# What to do
Return an exact copy of the data, starting at its first line and ending at the line that contains "12月2日,宁波市海曙区人民", minus any pictures.

(Items listed in a dataset)
::::::::::

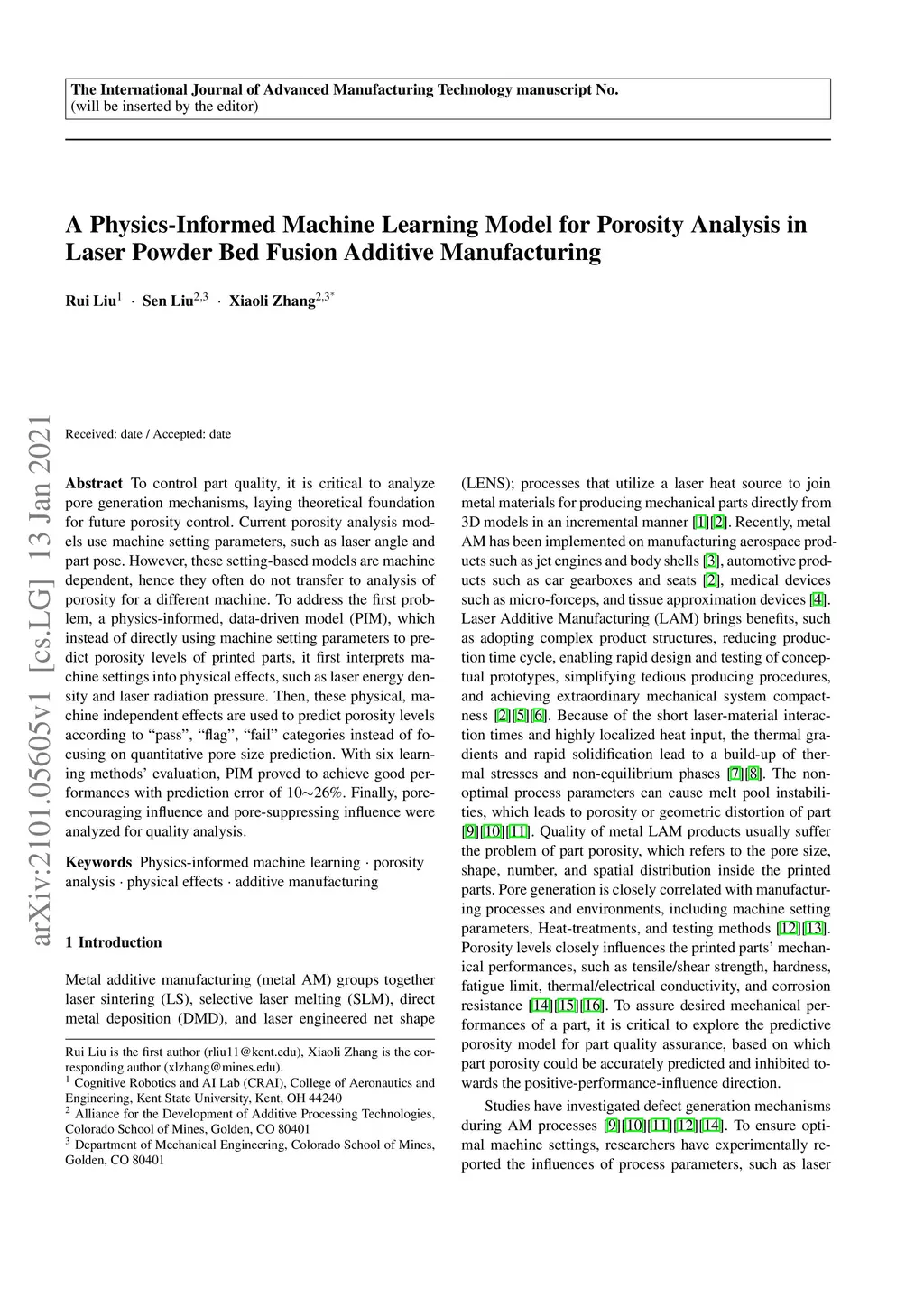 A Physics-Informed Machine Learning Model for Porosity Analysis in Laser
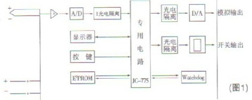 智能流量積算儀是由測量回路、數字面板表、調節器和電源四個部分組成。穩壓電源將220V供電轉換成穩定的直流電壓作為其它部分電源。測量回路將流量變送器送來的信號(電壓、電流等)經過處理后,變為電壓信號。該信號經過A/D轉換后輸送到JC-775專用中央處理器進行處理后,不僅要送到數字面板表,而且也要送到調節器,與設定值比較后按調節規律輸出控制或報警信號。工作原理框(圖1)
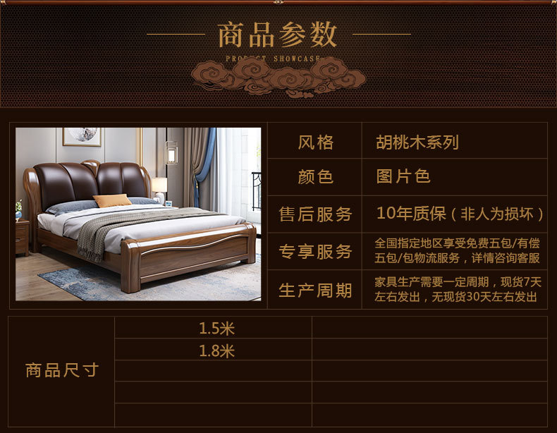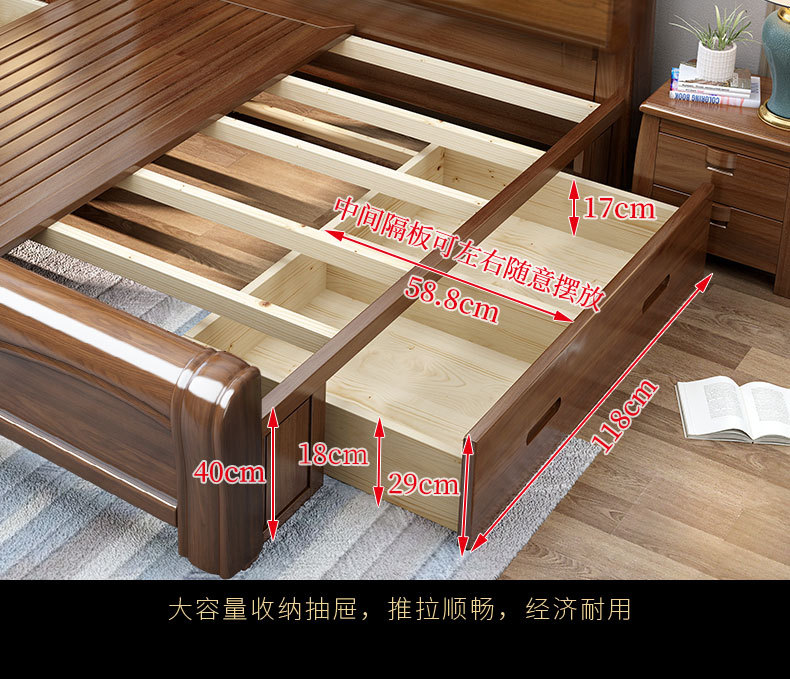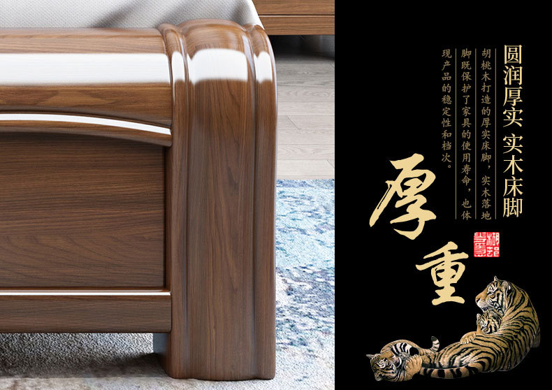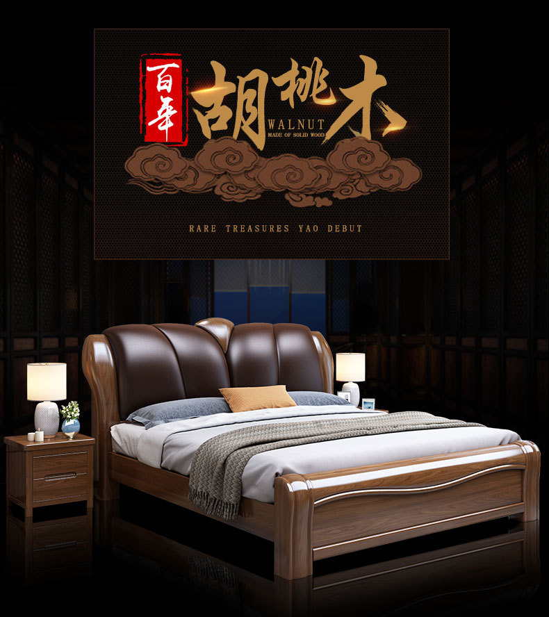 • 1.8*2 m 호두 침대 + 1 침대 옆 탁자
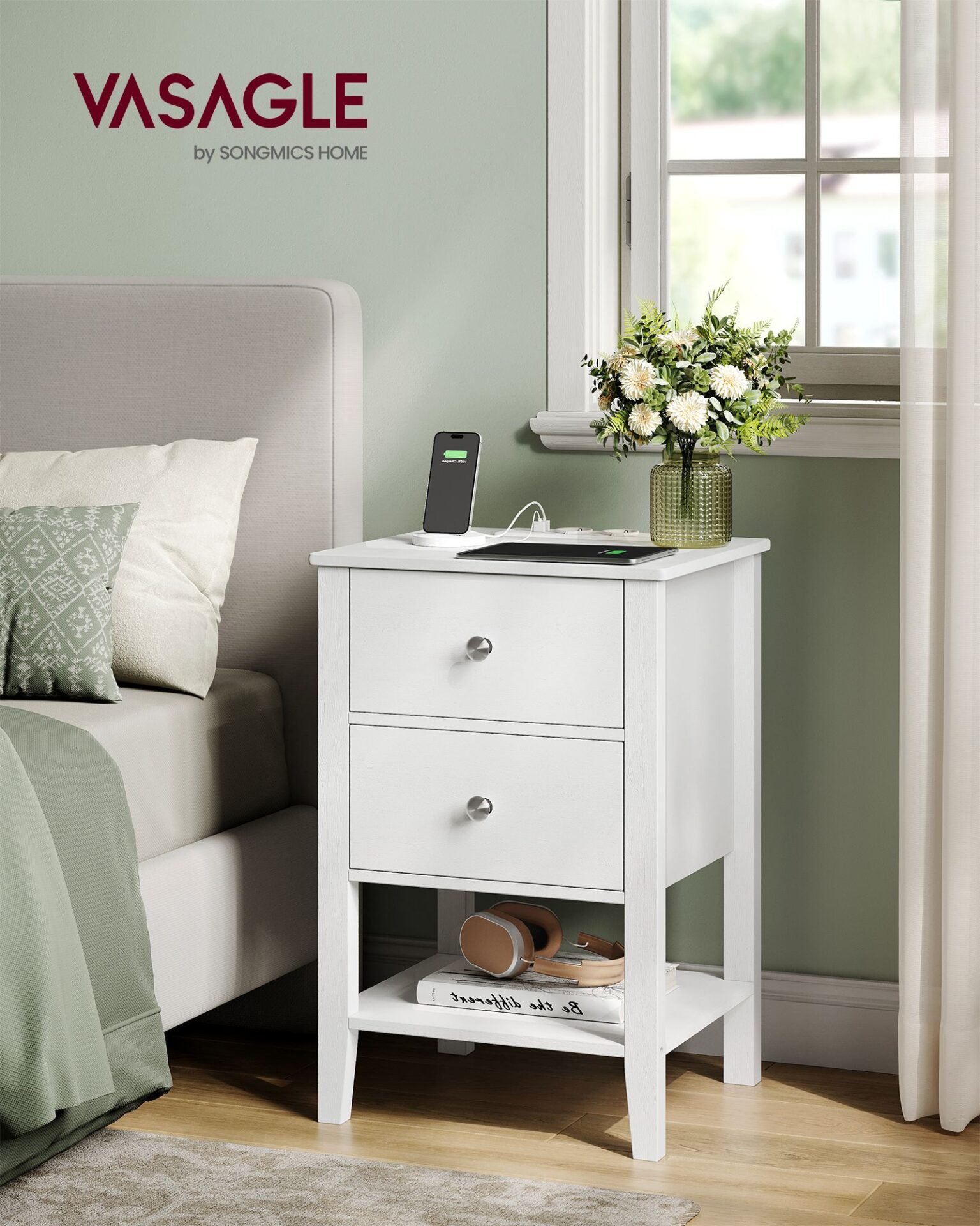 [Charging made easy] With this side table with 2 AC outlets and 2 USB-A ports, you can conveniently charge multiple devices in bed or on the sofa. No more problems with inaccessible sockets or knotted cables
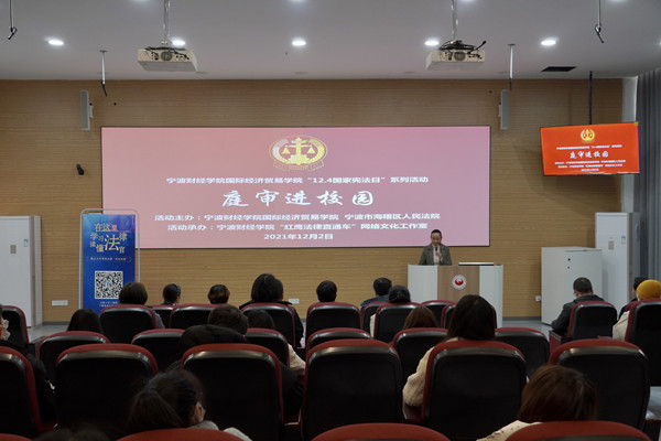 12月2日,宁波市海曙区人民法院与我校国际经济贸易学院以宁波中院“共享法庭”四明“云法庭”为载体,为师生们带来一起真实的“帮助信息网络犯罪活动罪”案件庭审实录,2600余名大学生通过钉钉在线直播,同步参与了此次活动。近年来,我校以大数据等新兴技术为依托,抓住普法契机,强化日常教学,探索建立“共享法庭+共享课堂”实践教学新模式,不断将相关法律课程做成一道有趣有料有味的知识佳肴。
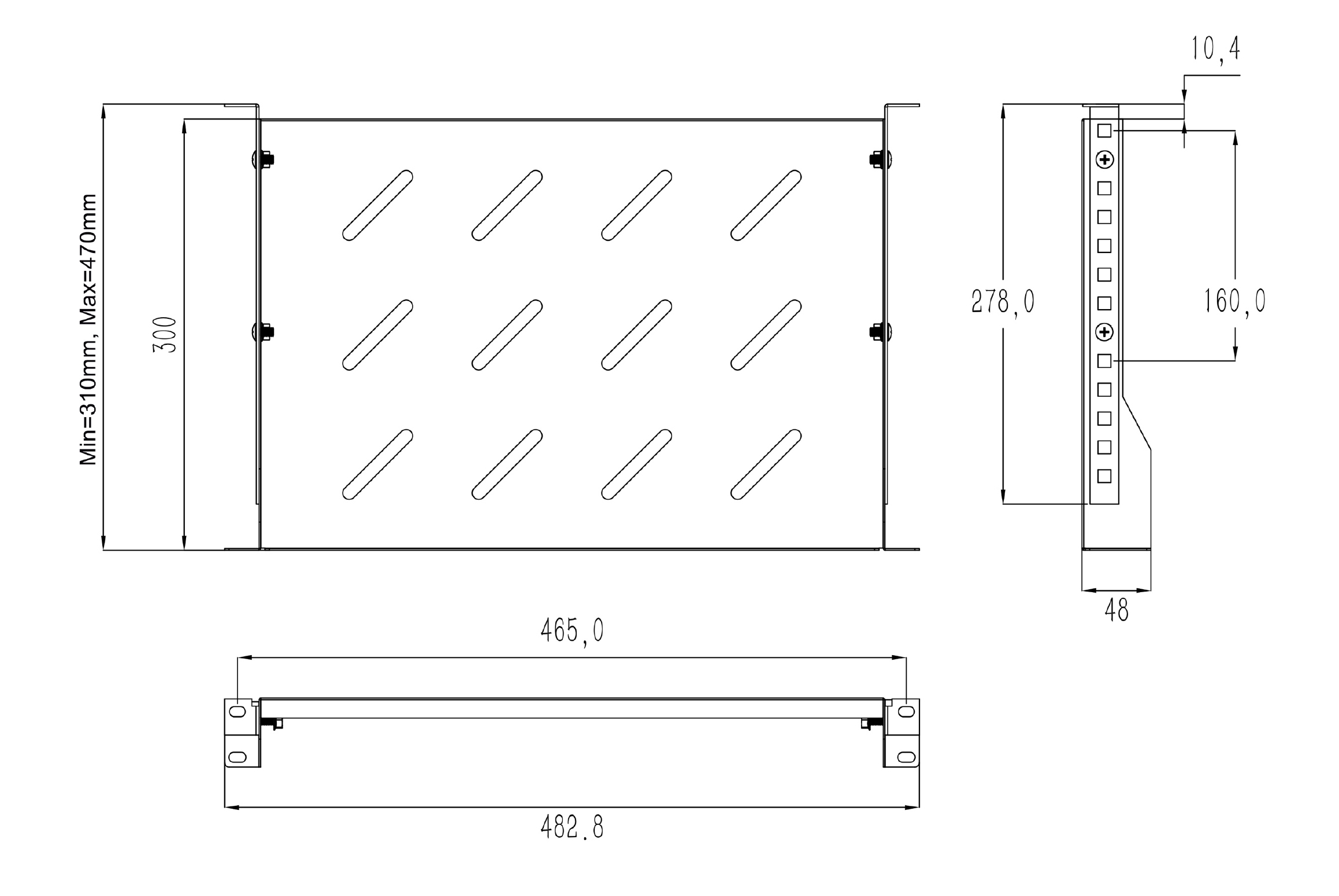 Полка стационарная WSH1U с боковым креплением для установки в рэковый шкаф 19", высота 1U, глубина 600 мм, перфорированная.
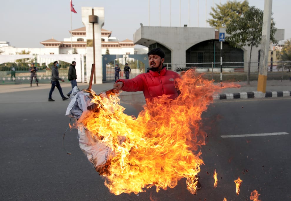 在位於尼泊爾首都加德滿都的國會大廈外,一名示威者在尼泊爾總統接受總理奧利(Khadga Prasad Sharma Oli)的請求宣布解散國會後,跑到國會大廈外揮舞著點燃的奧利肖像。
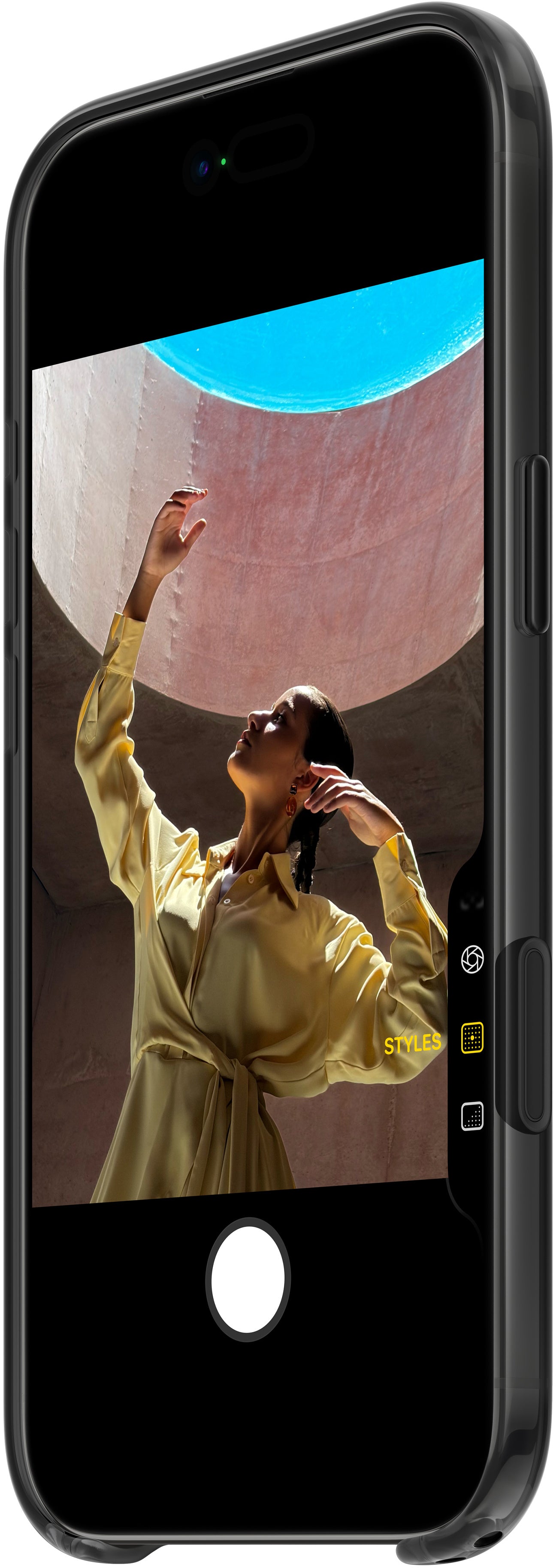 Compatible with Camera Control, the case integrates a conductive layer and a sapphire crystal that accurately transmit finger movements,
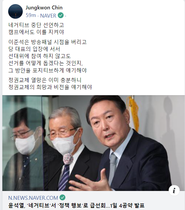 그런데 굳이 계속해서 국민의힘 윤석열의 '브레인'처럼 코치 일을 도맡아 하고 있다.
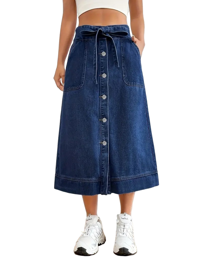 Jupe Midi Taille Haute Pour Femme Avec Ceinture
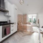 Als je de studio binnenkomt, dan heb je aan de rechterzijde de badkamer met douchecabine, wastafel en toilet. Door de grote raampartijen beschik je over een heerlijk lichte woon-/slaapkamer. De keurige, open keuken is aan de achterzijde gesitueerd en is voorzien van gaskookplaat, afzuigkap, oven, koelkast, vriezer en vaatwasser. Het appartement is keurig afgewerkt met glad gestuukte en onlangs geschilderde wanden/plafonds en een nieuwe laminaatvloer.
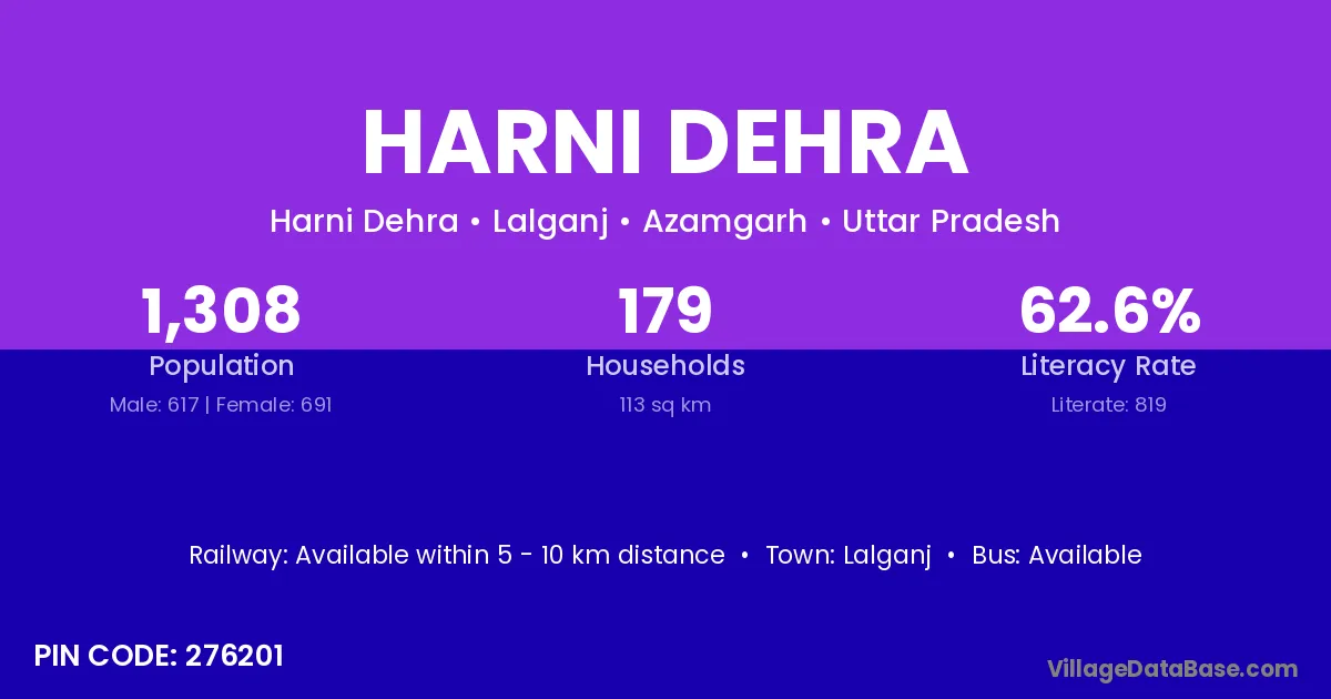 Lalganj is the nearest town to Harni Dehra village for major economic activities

::::::::::

# Response to the exercise
 A Physics-Informed Machine Learning Model for Porosity Analysis in Laser
 智能流量積算儀是由測量回路、數字面板表、調節器和電源四個部分組成。穩壓電源將220V供電轉換成穩定的直流電壓作為其它部分電源。測量回路將流量變送器送來的信號(電壓、電流等)經過處理后,變為電壓信號。該信號經過A/D轉換后輸送到JC-775專用中央處理器進行處理后,不僅要送到數字面板表,而且也要送到調節器,與設定值比較后按調節規律輸出控制或報警信號。工作原理框(圖1)
 • 1.8*2 m 호두 침대 + 1 침대 옆 탁자
 [Charging made easy] With this side table with 2 AC outlets and 2 USB-A ports, you can conveniently charge multiple devices in bed or on the sofa. No more problems with inaccessible sockets or knotted cables
 12月2日,宁波市海曙区人民法院与我校国际经济贸易学院以宁波中院“共享法庭”四明“云法庭”为载体,为师生们带来一起真实的“帮助信息网络犯罪活动罪”案件庭审实录,2600余名大学生通过钉钉在线直播,同步参与了此次活动。近年来,我校以大数据等新兴技术为依托,抓住普法契机,强化日常教学,探索建立“共享法庭+共享课堂”实践教学新模式,不断将相关法律课程做成一道有趣有料有味的知识佳肴。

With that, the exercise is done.